▼
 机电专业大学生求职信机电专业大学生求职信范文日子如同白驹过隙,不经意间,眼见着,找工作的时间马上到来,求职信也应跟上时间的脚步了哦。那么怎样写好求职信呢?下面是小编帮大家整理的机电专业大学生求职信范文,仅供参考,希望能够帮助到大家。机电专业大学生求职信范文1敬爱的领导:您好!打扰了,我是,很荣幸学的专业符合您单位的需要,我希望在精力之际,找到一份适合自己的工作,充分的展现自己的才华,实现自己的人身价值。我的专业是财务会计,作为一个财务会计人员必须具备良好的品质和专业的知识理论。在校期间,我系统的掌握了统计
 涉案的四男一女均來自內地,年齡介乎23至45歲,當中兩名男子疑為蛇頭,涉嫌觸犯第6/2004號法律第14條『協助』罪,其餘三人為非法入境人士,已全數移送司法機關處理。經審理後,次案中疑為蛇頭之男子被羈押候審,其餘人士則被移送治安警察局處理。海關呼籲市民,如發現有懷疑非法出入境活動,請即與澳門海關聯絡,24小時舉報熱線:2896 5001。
▲
▼
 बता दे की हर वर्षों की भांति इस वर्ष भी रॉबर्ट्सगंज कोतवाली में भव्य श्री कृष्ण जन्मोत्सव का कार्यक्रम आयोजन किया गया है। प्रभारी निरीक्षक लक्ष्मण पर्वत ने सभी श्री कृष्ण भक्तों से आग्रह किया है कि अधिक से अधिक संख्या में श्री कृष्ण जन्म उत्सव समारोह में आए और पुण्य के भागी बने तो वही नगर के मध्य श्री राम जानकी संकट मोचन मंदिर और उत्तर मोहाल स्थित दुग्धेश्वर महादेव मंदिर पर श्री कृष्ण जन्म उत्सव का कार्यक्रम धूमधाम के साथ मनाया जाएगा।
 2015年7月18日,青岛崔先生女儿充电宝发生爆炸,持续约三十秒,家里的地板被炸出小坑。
▲
▼
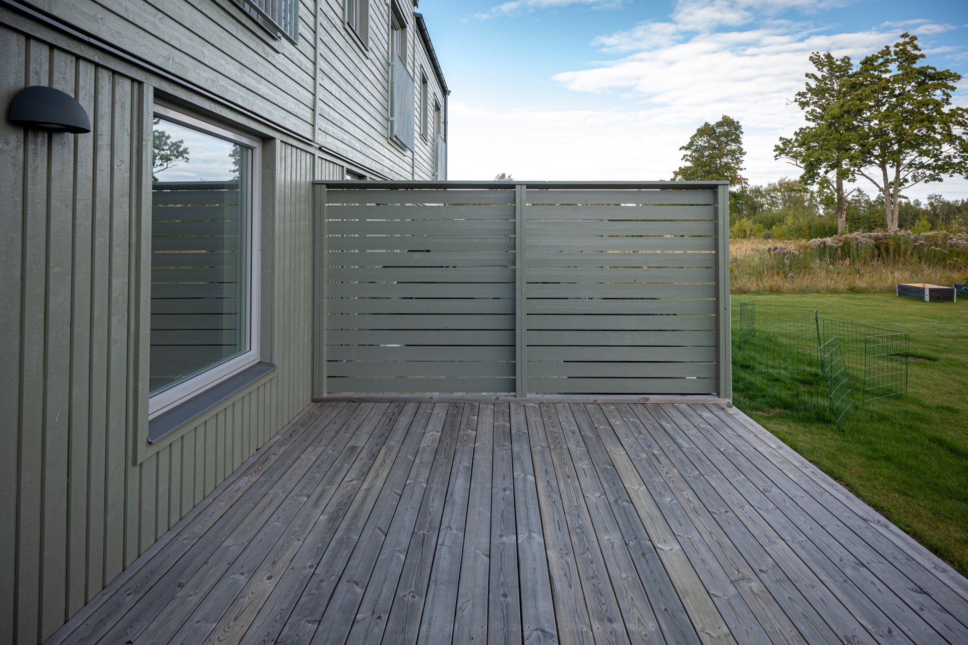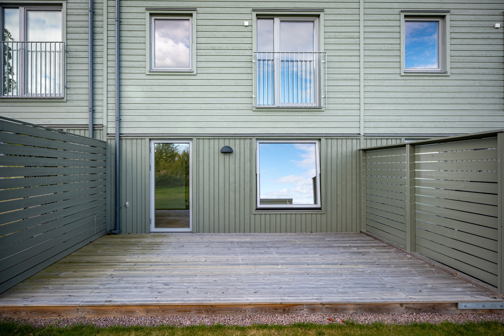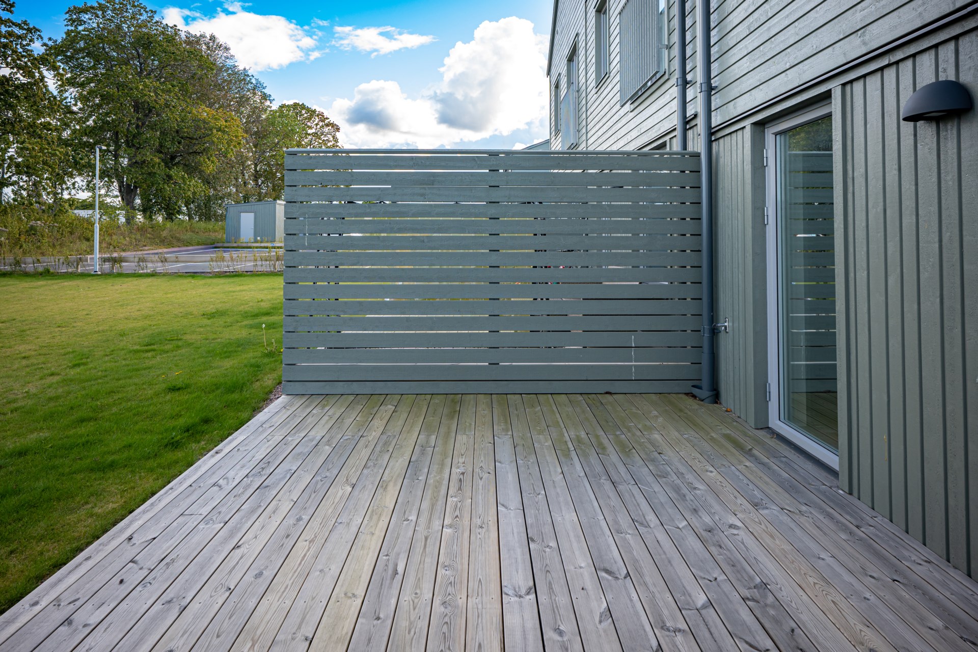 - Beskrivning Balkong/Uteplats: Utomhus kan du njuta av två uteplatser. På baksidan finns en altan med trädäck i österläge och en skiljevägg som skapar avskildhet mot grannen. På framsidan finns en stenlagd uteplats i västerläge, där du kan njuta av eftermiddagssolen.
▲
◆ **Activity**
All lines above from the one holding "बता दे की हर" to the one holding "2015年7月18日,青岛崔", inclusive, are to be copied exactly; no other line is wanted.

◆ **Answer space**
 बता दे की हर वर्षों की भांति इस वर्ष भी रॉबर्ट्सगंज कोतवाली में भव्य श्री कृष्ण जन्मोत्सव का कार्यक्रम आयोजन किया गया है। प्रभारी निरीक्षक लक्ष्मण पर्वत ने सभी श्री कृष्ण भक्तों से आग्रह किया है कि अधिक से अधिक संख्या में श्री कृष्ण जन्म उत्सव समारोह में आए और पुण्य के भागी बने तो वही नगर के मध्य श्री राम जानकी संकट मोचन मंदिर और उत्तर मोहाल स्थित दुग्धेश्वर महादेव मंदिर पर श्री कृष्ण जन्म उत्सव का कार्यक्रम धूमधाम के साथ मनाया जाएगा।
 2015年7月18日,青岛崔先生女儿充电宝发生爆炸,持续约三十秒,家里的地板被炸出小坑。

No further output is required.